Diameter: 23 x 21 millimeters.

Weight: 1.64 grams.

NOTE: Coin is mounted free of charge into your choice of pendant settings (shown in sterling silver pendant), and includes a sterling silver chain in your choice of 16", 18", or 20" length, (details below or click here). For a more authentic touch, we also have available handcrafted Greek black leather cords. We can reverse coin in mounting if you prefer opposite side showing front.

DETAIL: This is silver antoninianus (successor to the Roman denarius) produced in the city of Rome itself sometime between 244 and 246 A.D. and it possesses a very handsome portrait of a Roman Empress. It is in reasonably good condition (especially considering it is almost 2,000 years old), evidencing moderate light wear from circulation in ancient Rome. It also evidences light porosity, which is fine surface pitting consequence of being buried for millennia, which is evidenced as slight “fuzziness” to the features of the coin. However the legends and themes remain discernible. It was well struck both front and back the result a little oblong. Nonetheless since the overall size of the planchet (blank) is very generous, albeit thin, the entirety of both the thematic elements as well as the Latin legends were captured. On the whole it is a nice strike, characteristic of the coins of the era in that the coin is a bit misshapen (oblong), but much better than the norm with respect to the fact that it is well centered, and possesses the entirety of both themes and legends. And even though the definition is a little fuzzy, the obverse strike is very handsome. Also quite characteristic of the era, the backside is not quite as well struck inasmuch as the die was fairly worn (generally the reverse dies were used three to four times as long as the obverse dies, and worn dies resulted in coins of lower relief).

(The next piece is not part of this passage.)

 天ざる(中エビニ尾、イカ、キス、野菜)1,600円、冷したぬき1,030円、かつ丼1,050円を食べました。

The obverse of the coin depicts bust of the Empress Marcia Otacilia Severa, the wife of Roman Emperor Marcus Julius Philippus (“Philip the Arab”). Otacilia is depicted draped; and wearing a diadem. The diadem, or "diadema", was a white fillet or band which bound the temples of kings in antiquity. The head of Bacchus (who in myth invented the diadem), Neptune, Hercules, Victory, and many other divinities appear on coins depicted wearing a diadem. From antiquity the ornament was considered a badge of royalty. However due to it's association with gods, and absolute kingship, the diadem was considered abhorrent during the Roman Republic, and the early emperors of Rome did not wear and were not depicted wearing a diadem. It was not until Constantine the Great that an emperor was depicted wearing a diadem. A depiction (taken from an ancient coin) of Constantine wearing a diadem can be seen here.

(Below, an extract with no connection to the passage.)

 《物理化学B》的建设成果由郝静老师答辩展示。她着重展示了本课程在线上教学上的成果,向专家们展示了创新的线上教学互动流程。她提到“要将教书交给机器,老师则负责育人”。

The obverse of this specimen bears the legend “MARCIA OTACIL SEVERA AVG”. The legend is a little difficult to read due to the fuzziness caused by the light porosity, but also because the die with which the coin was struck was a bit worn, and the engraved letters of the die would slowly become clogged with little bits of metal detritus, and would eventually require cleaning and/or re-cutting. As the die got closer and closer to the point where the letters were clogged up with detritus, the coins struck would bear legends of diminished definition. The legend of course refers to the Empress’s name, “Marcia Otacil Severa”, “Otacil” being the name of the family to which she was born, the “a” in Otacilia indicating that she was a daughter of the Otacil familia. The suffix “AVG” is an abbreviation for “AVGVSTA”, which translates to “Augusta”. Roman Latin had no “U”; the “V” corresponding to an English “U”. The term “Augusta” is the female version of “Augustus”; Latin for “majestic” (thus the honorific salutation “your majesty”). However the term “Augustus” in the common vernacular of the Roman Empire became synonymous with the Emperor (or Empress).

The first "Augustus" (and first man counted as a Roman Emperor) was Octavius, Julis Caesar’s nephew and heir. Octavian was given the title of Augustus by the Senate in 27 B.C. Over the next forty years, Caesar Augustus literally set the standard by which subsequent Emperors would be recognized, accumulating various offices and powers and making his own name ("Augustus") identifiable with the consolidation of these powers under a single person. Although the name signified nothing in constitutional theory, it was recognized as representing all the powers that Caesar Augustus eventually accumulated. Caesar Augustus also set the standard by which Roman Emperors were named.

The three titles used by the majority of Roman Emperors; “Imperator”, “Caesar”, and “Augustus” were all used personally by Caesar Augustus (he officially styled himself "Imperator Caesar Augustus"). However of the name "Augustus" was unique to the Emperor himself (though the Emperor's mother or wife could bear the name "Augusta"). But others could and did bear the titles "Imperator" and "Caesar". Later usage saw the Emperor adding the additional titles “Pius Felix (“pious and blessed”) and “Invictus” (“unconquered”) in addition to the title “Augustus”). In this usage, by signifying the complete assumption of all Imperial powers, "Augustus" became roughly synonymous with “Emperor” in modern language. As the Roman Empire began splintering, Augustus came to be the title applied to the senior Emperor, while the title “Caesar” came to refer to his “junior” sub-Emperors.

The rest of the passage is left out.